[ENTRIES SHOWN Boundary: Start]
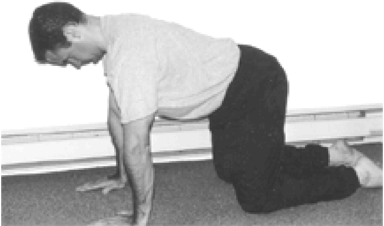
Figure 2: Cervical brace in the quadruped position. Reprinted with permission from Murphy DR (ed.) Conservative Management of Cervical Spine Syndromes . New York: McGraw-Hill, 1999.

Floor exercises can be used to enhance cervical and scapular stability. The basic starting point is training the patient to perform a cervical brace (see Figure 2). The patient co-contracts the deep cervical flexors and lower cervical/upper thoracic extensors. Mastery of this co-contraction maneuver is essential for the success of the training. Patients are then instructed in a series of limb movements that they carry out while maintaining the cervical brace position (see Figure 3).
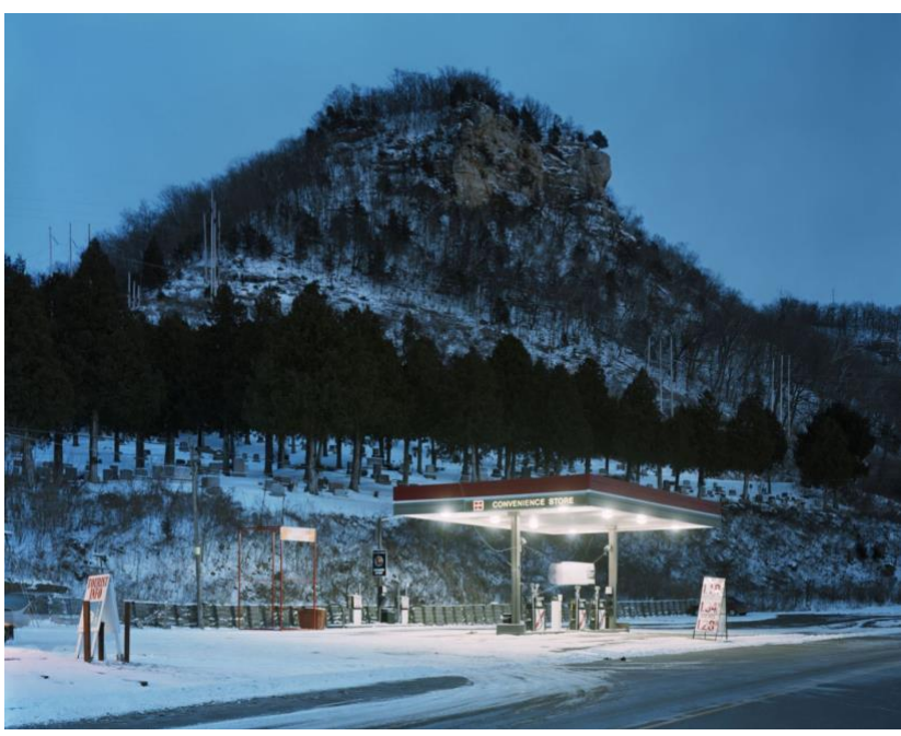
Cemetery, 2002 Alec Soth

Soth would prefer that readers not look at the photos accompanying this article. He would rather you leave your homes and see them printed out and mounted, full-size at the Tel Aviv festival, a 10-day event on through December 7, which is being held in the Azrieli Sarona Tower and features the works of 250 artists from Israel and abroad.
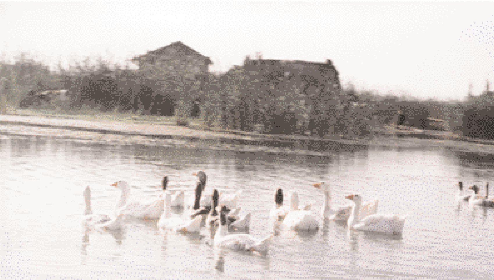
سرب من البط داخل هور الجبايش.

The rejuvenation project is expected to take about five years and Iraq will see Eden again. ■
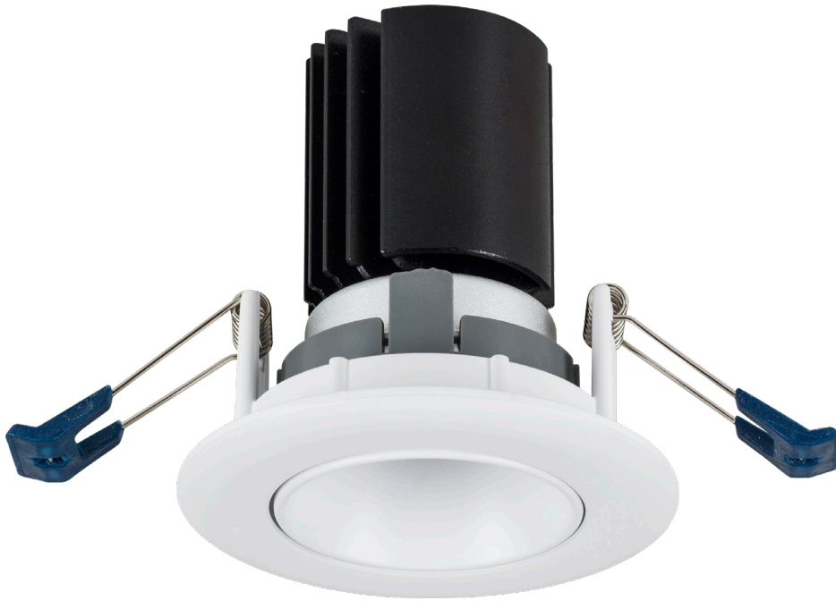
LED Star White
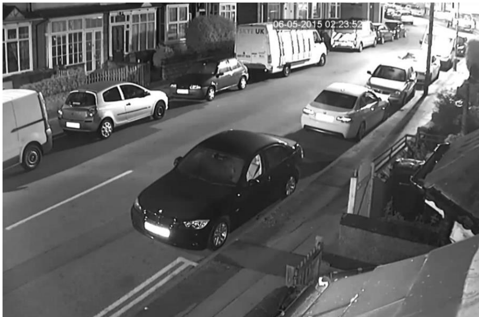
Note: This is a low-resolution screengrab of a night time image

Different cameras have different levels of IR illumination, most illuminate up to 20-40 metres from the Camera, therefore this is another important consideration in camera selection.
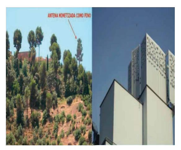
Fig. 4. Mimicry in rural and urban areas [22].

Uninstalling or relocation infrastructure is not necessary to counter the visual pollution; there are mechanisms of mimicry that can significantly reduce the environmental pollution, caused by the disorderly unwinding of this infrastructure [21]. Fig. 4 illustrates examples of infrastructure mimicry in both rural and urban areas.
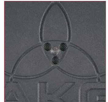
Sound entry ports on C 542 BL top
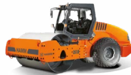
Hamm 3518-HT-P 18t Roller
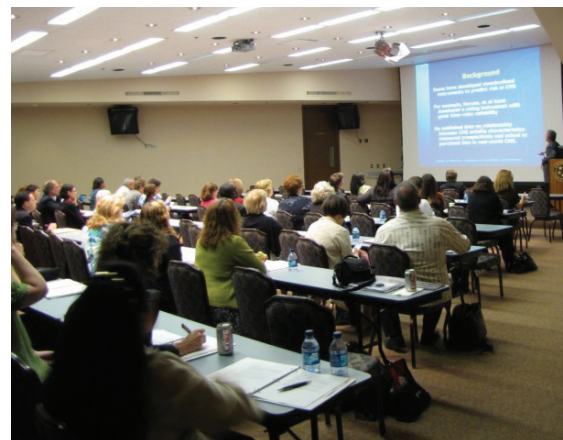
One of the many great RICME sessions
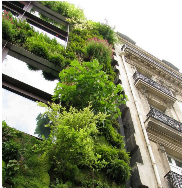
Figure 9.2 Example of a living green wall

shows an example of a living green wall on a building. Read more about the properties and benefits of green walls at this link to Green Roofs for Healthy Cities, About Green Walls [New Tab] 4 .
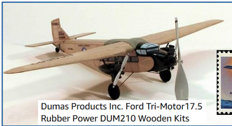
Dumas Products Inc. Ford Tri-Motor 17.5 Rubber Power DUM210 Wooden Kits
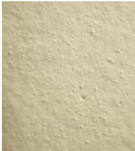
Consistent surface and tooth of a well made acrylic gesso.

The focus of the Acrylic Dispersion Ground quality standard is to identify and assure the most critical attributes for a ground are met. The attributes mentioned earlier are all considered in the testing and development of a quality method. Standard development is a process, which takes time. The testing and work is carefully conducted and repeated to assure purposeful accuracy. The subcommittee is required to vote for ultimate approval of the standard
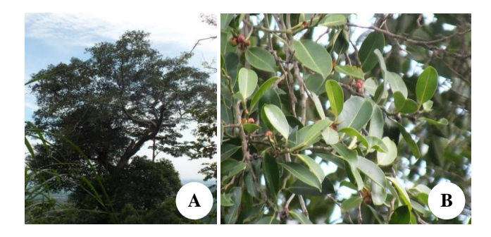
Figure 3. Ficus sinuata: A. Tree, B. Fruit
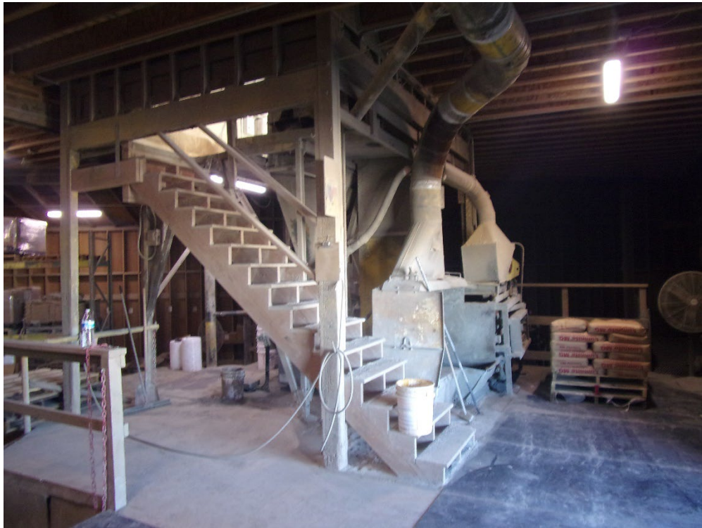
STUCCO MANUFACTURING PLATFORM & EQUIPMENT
[ENTRIES SHOWN Boundary: End]
■ **PROMPT**
Without any pictures, please write out the lines from the one containing "سرب من البط داخل هور الجبايش." through the final line of the data, exactly and inclusive of both ends.

■ **RESPONSE**
سرب من البط داخل هور الجبايش.

The rejuvenation project is expected to take about five years and Iraq will see Eden again. ■
LED Star White
Note: This is a low-resolution screengrab of a night time image

Different cameras have different levels of IR illumination, most illuminate up to 20-40 metres from the Camera, therefore this is another important consideration in camera selection.
Fig. 4. Mimicry in rural and urban areas [22].

Uninstalling or relocation infrastructure is not necessary to counter the visual pollution; there are mechanisms of mimicry that can significantly reduce the environmental pollution, caused by the disorderly unwinding of this infrastructure [21]. Fig. 4 illustrates examples of infrastructure mimicry in both rural and urban areas.
Sound entry ports on C 542 BL top
Hamm 3518-HT-P 18t Roller
One of the many great RICME sessions
Figure 9.2 Example of a living green wall

shows an example of a living green wall on a building. Read more about the properties and benefits of green walls at this link to Green Roofs for Healthy Cities, About Green Walls [New Tab] 4 .
Dumas Products Inc. Ford Tri-Motor 17.5 Rubber Power DUM210 Wooden Kits
Consistent surface and tooth of a well made acrylic gesso.

The focus of the Acrylic Dispersion Ground quality standard is to identify and assure the most critical attributes for a ground are met. The attributes mentioned earlier are all considered in the testing and development of a quality method. Standard development is a process, which takes time. The testing and work is carefully conducted and repeated to assure purposeful accuracy. The subcommittee is required to vote for ultimate approval of the standard
Figure 3. Ficus sinuata: A. Tree, B. Fruit
STUCCO MANUFACTURING PLATFORM & EQUIPMENT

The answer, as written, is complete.